事故を起こした脳外科医と思われるアカウントが出現した。
被害者ご家族、ご遺族を傷つけるような投稿をしたのち、いったん消えた。
こうした動きに呼応してか、赤穂市民病院の医療事故をモデルにしたと言われる漫画、「脳外科医竹田くん」の作者から、重大な発表があった。
私(漫画作者)は、赤穂市民病院 脳神経外科で2019年から2020年にかけて複数発生した医療事故のうち、2020年1月22日に起きた医療過誤の被害者の親族です。
この発表に大きな衝撃が広がった。
いったいどのような思いで漫画を描かれたのだろうと思うと心が痛む。こうしたご遺族の思いを、赤穂市民病院のもと常勤医師として、深く受け止めなければならないと思う。
初めて読まれる方に向けて書くと、赤穂市民病院は私の医師としての21年あまりの経歴のなかで大きな位置を占めている重要な病院だ。
今回は、この赤穂市民病院について、私との関わりを中心に書いていきたい。
赤穂市民病院と私との関わり
当時所属していた神戸大学病院病理診断科から打診され、常勤病理医として務めたのが、2009年8月から2011年7月まで。その後近畿大学医学部に異動したが、2019年4月から2020年3月まで再び勤務した。
そして、2008年の後半から常勤になるまでの1年足らずと、二度の常勤の間、さらに常勤を辞めた後はいまだに非常勤医として勤務している。
常勤医だったときは、病理医がたった一人、指導医も部下もいない、いわゆる「一人病理医」だった。
最初に赤穂市民病院に非常勤病理医として関わりはじめてから、実に16年以上、何らかの形で関わり続けてきた病院なのだ。
そういう意味で、この病院なくしては、私の医師人生はなかったと言えるくらい関わりが深い。
とくに、最初の常勤医としての2年間は、病理専門医取得前の期間であり、未熟な私を導いてもらったと言っても過言ではない。2010年に病理専門医試験に落ちたことも、思い出深い。

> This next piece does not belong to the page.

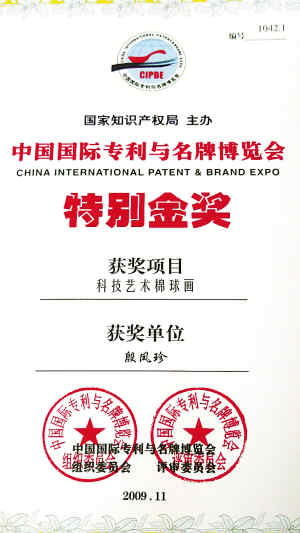 在国家知识产权局主办的第六届“中国国际专利与名牌博览会”上,殷凤珍先生的发明专利“科技艺术棉球画”获最高荣誉——“特别金奖”!这是对她多年来艺术创新的褒奖。该科技成果为艺术上的一大创新!

専門医試験に落ちたとき、流石に専門医がない状態で一人病理医は厳しかろう、と、神戸大学の教授などから異動も打診されたが、赤穂という街と、よくしてくれている職員の皆さんのことを思うと、ここで投げ出すわけにはいかん、と残留を決意した。
そのときは、病院側も激減していた病理解剖をがんばって増やしてくれた。実は病理専門医試験に落ちたのは、解剖の試験に2点足らなかったからだ。
その年の解剖の試験は、肺癌が出題された。
赤穂市民病院に来てから1年ほど解剖がほとんどなかったかつ、呼吸器科が撤退し、肺の診断をほとんどしていなかったことが影響したと自他ともに認める状態であり、そこを考慮してくれたのだ。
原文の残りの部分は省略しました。